What the task requires
Below are records with pictures. Reproduce exactly the lines from the line with "(Fig. 2) 애도하는 여인들 (무용의 역사 I, 양선희, p.142)" to the line with "Фото 7. Фрагмент восточного фасада.", inclusive, and leave each picture out.

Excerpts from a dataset
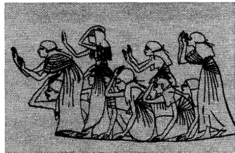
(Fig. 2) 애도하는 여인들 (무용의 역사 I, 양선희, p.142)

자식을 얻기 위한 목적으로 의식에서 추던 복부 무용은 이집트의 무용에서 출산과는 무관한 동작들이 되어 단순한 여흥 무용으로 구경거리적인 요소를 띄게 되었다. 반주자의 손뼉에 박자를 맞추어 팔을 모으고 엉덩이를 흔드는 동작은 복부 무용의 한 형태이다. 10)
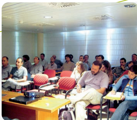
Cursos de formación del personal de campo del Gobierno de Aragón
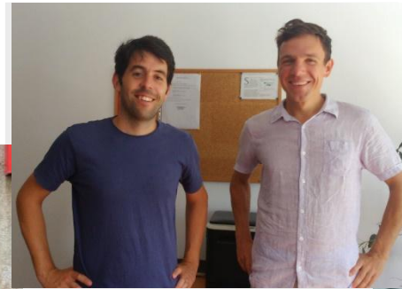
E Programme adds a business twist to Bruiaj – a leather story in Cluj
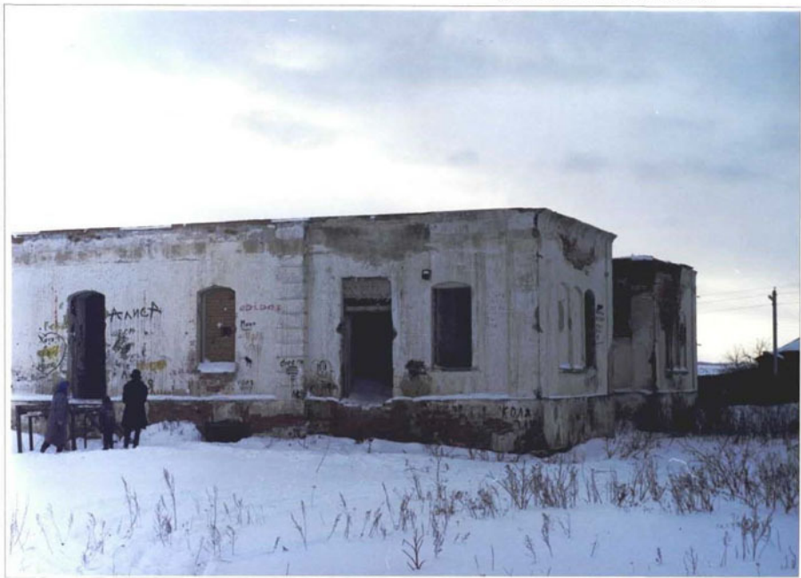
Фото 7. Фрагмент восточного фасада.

==

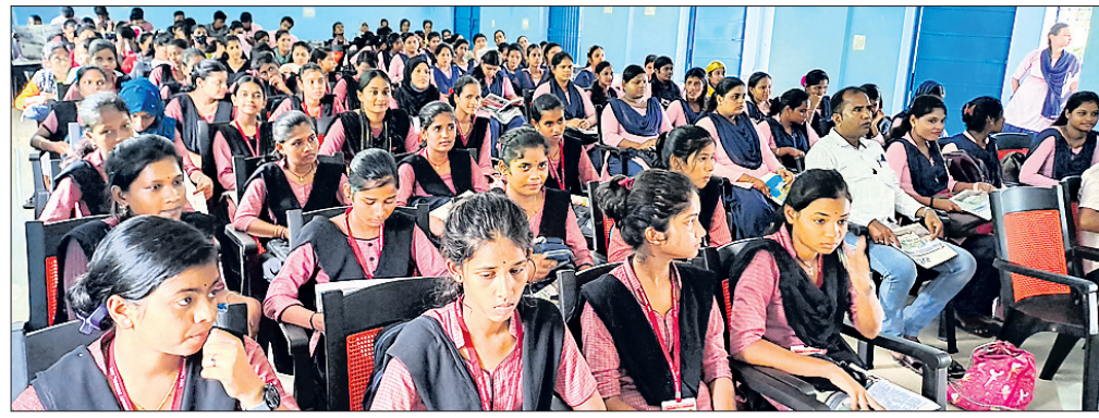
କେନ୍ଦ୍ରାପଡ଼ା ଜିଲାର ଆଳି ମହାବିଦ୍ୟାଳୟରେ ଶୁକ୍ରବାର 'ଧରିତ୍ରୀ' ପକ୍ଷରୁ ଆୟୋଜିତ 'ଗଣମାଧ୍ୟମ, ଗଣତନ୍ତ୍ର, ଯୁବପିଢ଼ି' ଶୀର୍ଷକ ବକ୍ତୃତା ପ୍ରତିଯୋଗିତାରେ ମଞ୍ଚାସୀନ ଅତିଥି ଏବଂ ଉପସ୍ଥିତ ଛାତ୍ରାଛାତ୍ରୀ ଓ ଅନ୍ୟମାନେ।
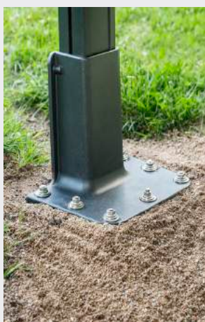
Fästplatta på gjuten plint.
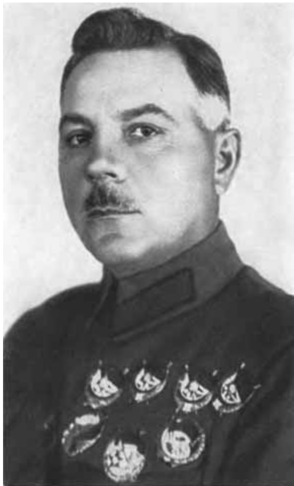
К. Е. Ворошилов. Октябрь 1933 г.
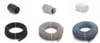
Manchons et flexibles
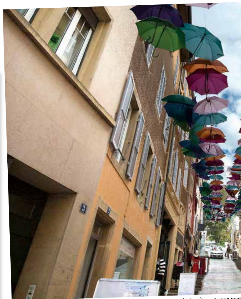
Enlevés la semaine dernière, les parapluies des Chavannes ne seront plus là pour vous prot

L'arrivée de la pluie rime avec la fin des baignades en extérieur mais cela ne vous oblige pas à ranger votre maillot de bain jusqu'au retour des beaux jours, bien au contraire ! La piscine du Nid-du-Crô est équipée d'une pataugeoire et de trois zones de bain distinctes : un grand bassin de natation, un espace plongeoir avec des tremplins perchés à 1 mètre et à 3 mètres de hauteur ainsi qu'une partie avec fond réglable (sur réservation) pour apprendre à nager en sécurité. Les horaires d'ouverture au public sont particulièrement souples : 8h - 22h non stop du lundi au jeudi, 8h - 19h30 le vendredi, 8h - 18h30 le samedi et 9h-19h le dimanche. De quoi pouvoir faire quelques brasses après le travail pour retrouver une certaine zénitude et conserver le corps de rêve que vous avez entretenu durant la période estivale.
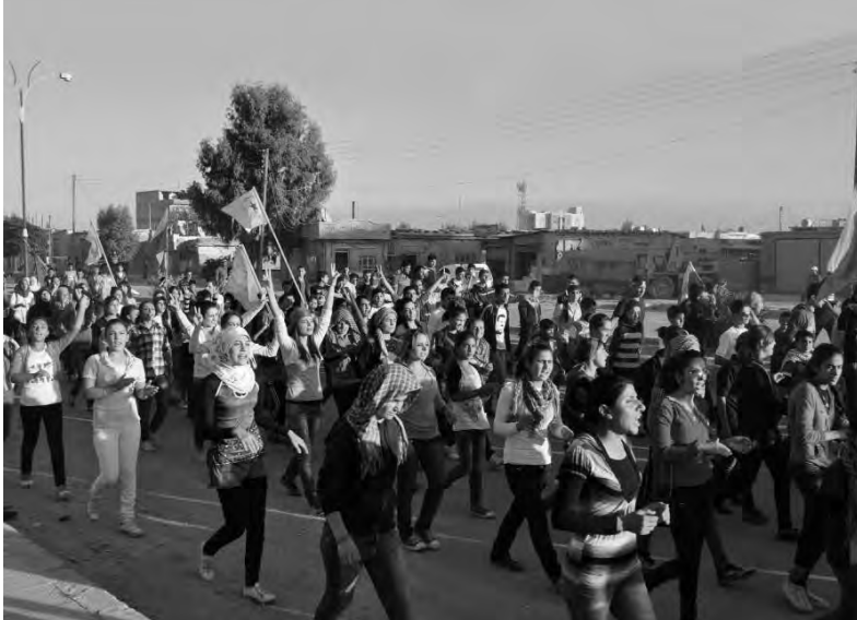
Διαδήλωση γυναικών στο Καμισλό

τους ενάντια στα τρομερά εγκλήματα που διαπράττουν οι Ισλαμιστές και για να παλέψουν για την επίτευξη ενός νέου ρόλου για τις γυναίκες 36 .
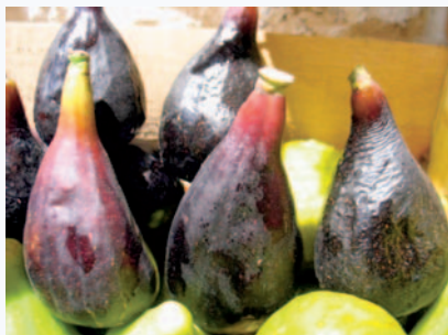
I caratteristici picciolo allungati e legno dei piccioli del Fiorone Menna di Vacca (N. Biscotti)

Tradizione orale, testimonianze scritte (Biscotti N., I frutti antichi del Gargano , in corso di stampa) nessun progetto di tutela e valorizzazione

* * *

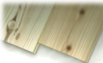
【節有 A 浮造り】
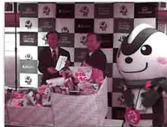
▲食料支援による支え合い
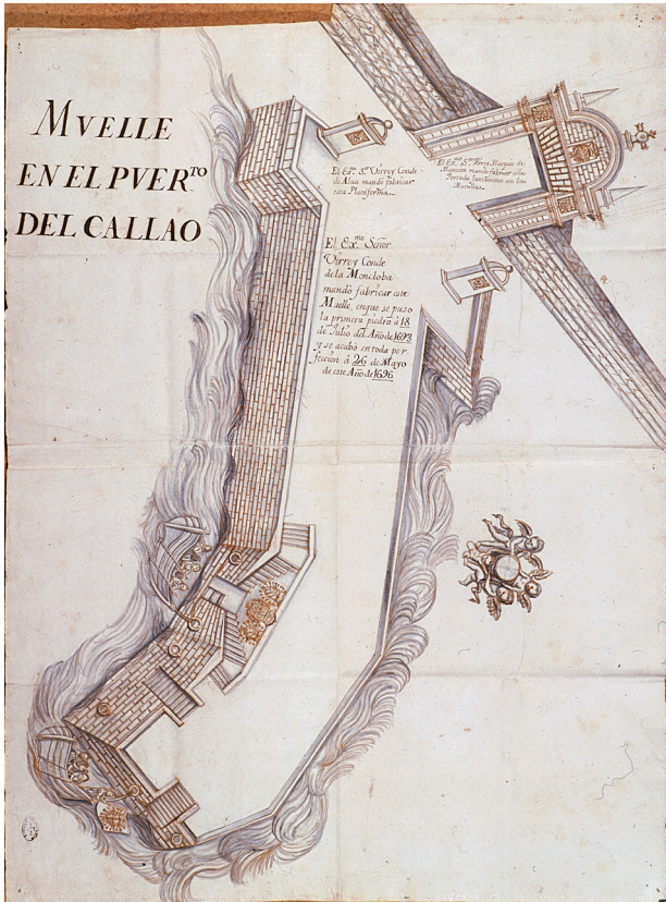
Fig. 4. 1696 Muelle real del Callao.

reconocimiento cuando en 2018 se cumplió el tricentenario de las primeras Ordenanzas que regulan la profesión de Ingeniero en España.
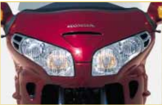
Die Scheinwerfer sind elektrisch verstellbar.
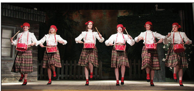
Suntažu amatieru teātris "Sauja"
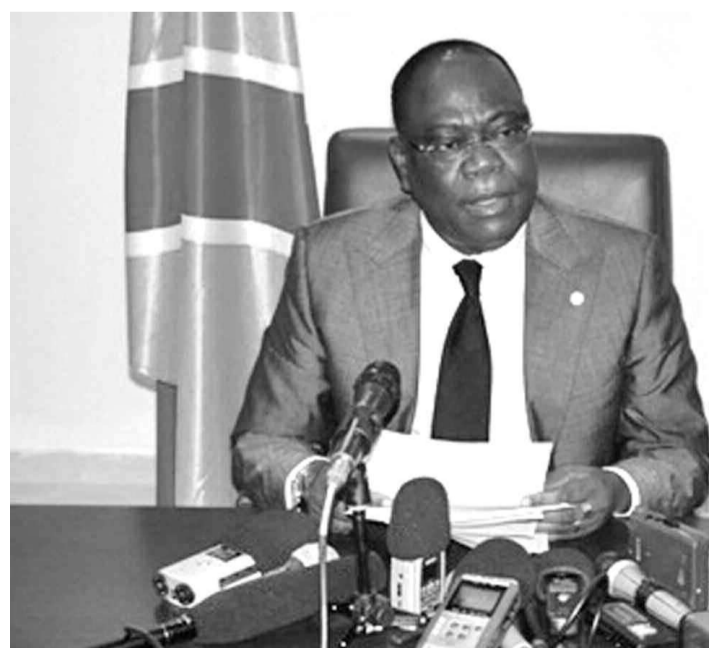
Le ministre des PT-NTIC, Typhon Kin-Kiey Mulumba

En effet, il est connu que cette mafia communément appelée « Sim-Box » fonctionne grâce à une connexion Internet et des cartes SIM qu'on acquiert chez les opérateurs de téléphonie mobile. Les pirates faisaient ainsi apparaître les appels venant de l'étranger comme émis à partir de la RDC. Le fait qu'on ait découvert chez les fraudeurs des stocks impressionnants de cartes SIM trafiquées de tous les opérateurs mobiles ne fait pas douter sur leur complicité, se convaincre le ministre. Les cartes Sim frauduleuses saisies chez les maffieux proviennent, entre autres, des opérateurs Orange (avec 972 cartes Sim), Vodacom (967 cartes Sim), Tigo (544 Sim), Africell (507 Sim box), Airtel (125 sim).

Output for this exercise
(Fig. 2) 애도하는 여인들 (무용의 역사 I, 양선희, p.142)

자식을 얻기 위한 목적으로 의식에서 추던 복부 무용은 이집트의 무용에서 출산과는 무관한 동작들이 되어 단순한 여흥 무용으로 구경거리적인 요소를 띄게 되었다. 반주자의 손뼉에 박자를 맞추어 팔을 모으고 엉덩이를 흔드는 동작은 복부 무용의 한 형태이다. 10)
Cursos de formación del personal de campo del Gobierno de Aragón
E Programme adds a business twist to Bruiaj – a leather story in Cluj
Фото 7. Фрагмент восточного фасада.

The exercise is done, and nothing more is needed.